04/30/2026
Today MADAAD toured San Francisco’s new RESET Center at 444 6th Street.
This is the city’s newest attempt to respond to the fentanyl crisis—an alternative to jail or the ER for people arrested for public intoxication, designed to stabilize them, monitor them, and ideally connect them to treatment. It’s a 24/7 facility, overseen by the Sheriff’s Office with health staff onsite, and run by Connections Health Solutions as part of the Mayor’s “Breaking the Cycle” initiative.
Walking through it, you can see the intention.
It’s clean. Structured. Calm.
Chairs for observation. Intake rooms. Staff presence.
A space that is trying to say: “You matter enough to be cared for.”
And that matters.
For too long, we’ve had people cycling between sidewalks, ERs, and jail cells with no real interruption in the pattern. This is an attempt—finally—to insert something different.
And we are hopeful.
But we would be failing our community if we didn’t say this clearly:
It is not enough.
This is a pilot program, focused only on SOMA—one of the hardest-hit areas in the entire country. It has limited capacity (around two dozen beds), and it is designed primarily as a short-term sobering and stabilization site—not long-term treatment.
What we saw today is a system that can pause the crisis for a few hours…

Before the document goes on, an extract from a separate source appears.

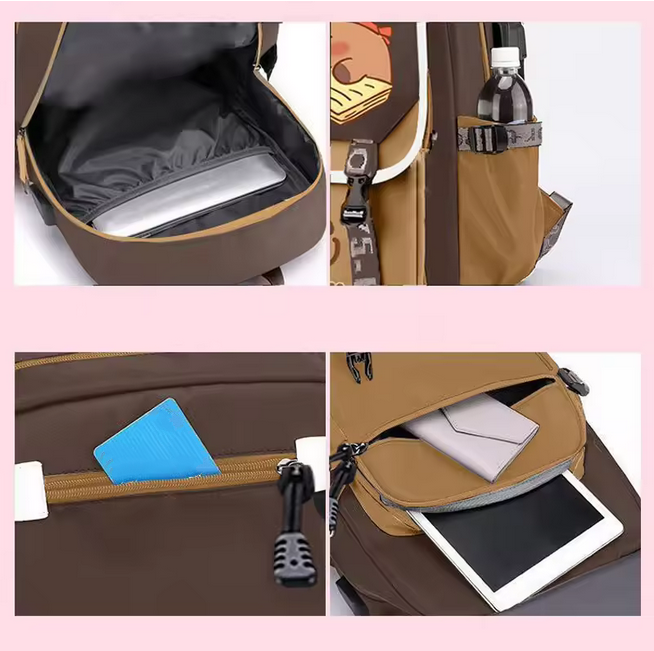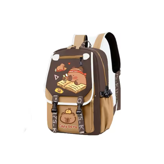 - Add a touch of adorable charm to your child’s school days with this Cute Capybara Kids Backpack. Designed in a stylish khaki color and featuring an irresistibly cute capybara print, this backpack is perfect for kids and teens who love unique, animal-themed accessories.

but not yet one that can break it.
Because the real gap isn’t just getting people off the street for a night.
It’s what happens next.
* Where do they go when they leave?
* How quickly can they access real treatment?
* What happens to those with severe fentanyl addiction who need more than observation?

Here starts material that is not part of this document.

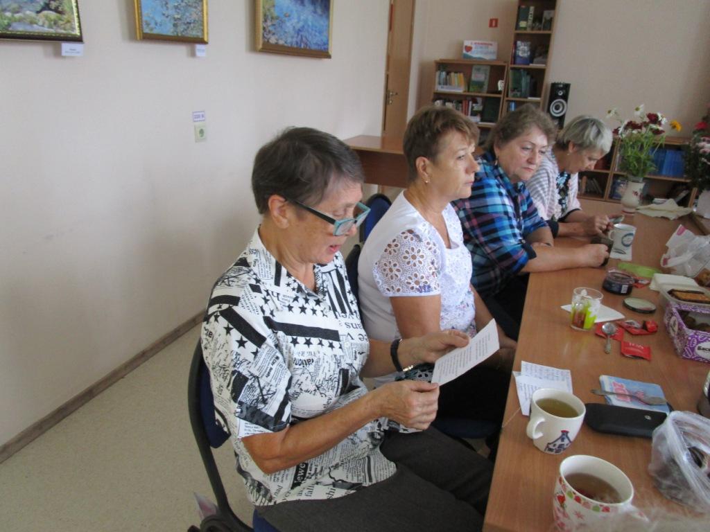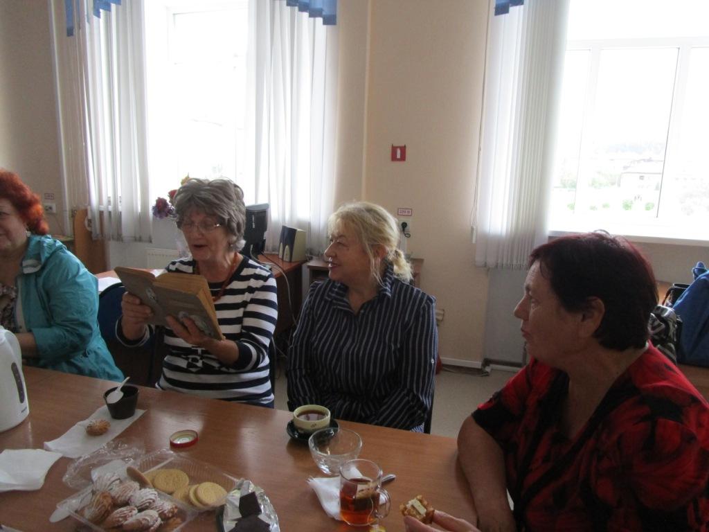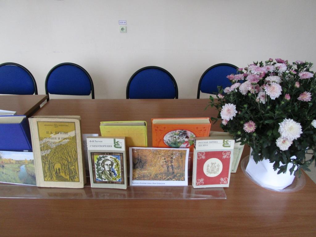 Участницы клуба читали стихи любимых поэтов: А.С. Пушкина, И.А. Бунина, Ф.И. Тютчева, А.Н. Майкова, С.А. Есенина. Руководитель клуба «Настроение» Фролова Н.П. познакомила женщин с творчеством белгородского поэта Н.Н. Грищенко. Во время встречи звучали произведения великих композиторов: Вивальди, Чайковского, Шопена. На книжной выставке, подготовленной к вечеру поэзии, были представлены книги любимых поэтов, репродукции известных художников: Левитана «Золотая осень», Жуковского «На веранде. Осень», Остроухова «Золотая осень», Кузнецова «Осенний пейзаж», Клевер «Осенний парк».

* And how do we scale something like this when the need is citywide—not just one neighborhood?
We’ve seen versions of this before. Some helped. Some didn’t.

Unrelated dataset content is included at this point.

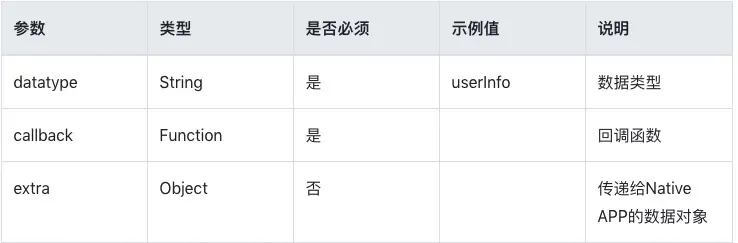 1.getData(datatype, callback, extra) H5从Native APP获取数据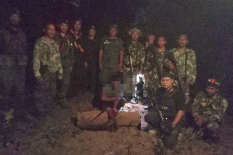 ที่บริเวณป่าทิศใต้วัดเขาศาลาขณะเดินลาดตระเวนจนถึงบริเวณจุดเกิดเหตุพบบุคคลจำนวน 3 คน ลักษณะคล้ายชาวกัมพูชาลักลอบเข้ามาในราชอาณาจักรไทยพร้อมด้วยอุปกรณ์ต้องสงสัยว่าจะเข้ามากระทำผิดกฎหมายเดินหายเข้าไปในป่าเจ้าหน้าทึ่คาดว่าจะใช้เส้นทางบริเวณจุดเกิดเหตุเป็นช่องทางในการลักลอบนำสิ่งของผิดกฎหมายออกมาจึงได้วางกำลังเข้าซุ่มสังเกตุการณ์ ตามเส้นทางที่คาดว่าจะใช้ลำเลียงสิ่งผิดกฎหมายผ่านจน เมื่อเวลา21.06น เจ้าหน้าที่พบเห็นบุคคลชาย 3 คน ใช้เส้นทางบริเวณที่เจ้าหน้าที่วางกำลังซุ่มอยู่เดินใช้ไฟฉายส่องสว่างตามกันมาโดยที่หลังของชายหนึ่งในสามคนดังกล่าวได้แบกไม้พะยูงท่อนมาด้วยจึงได้แสดงตัวเข้าตรวจสอบบุคคลทั้ง3เมื่อพบเห็นเจ้าหน้าที่จึงได้แยกย้ายกันวิ่งหลบหนีเข้าป่าข้างทางเดิน

And the difference always comes down to one thing:
Do people actually get connected to meaningful, ongoing care?
That’s the measure. Not intake. Not appearances. Outcomes.
There’s also a harder truth here that people don’t want to talk about:
This model starts with arrest.
People are brought in involuntarily, held until they are sober, then released—hopefully with a connection to services.
That’s a significant shift in San Francisco’s approach. And whether you agree with it or not, we need to be honest about what it is—and whether it truly leads to recovery, or just another version of the same cycle.
So here’s where we land tonight:
We are encouraged.
We are watching closely.
And we are not lowering the bar.
Because our goal is fewer funerals.
Fewer mothers burying their children.
More people actually making it to recovery—and staying there.
RESET is a start.
But if we stop here, we will fall short of the very people this was built to serve.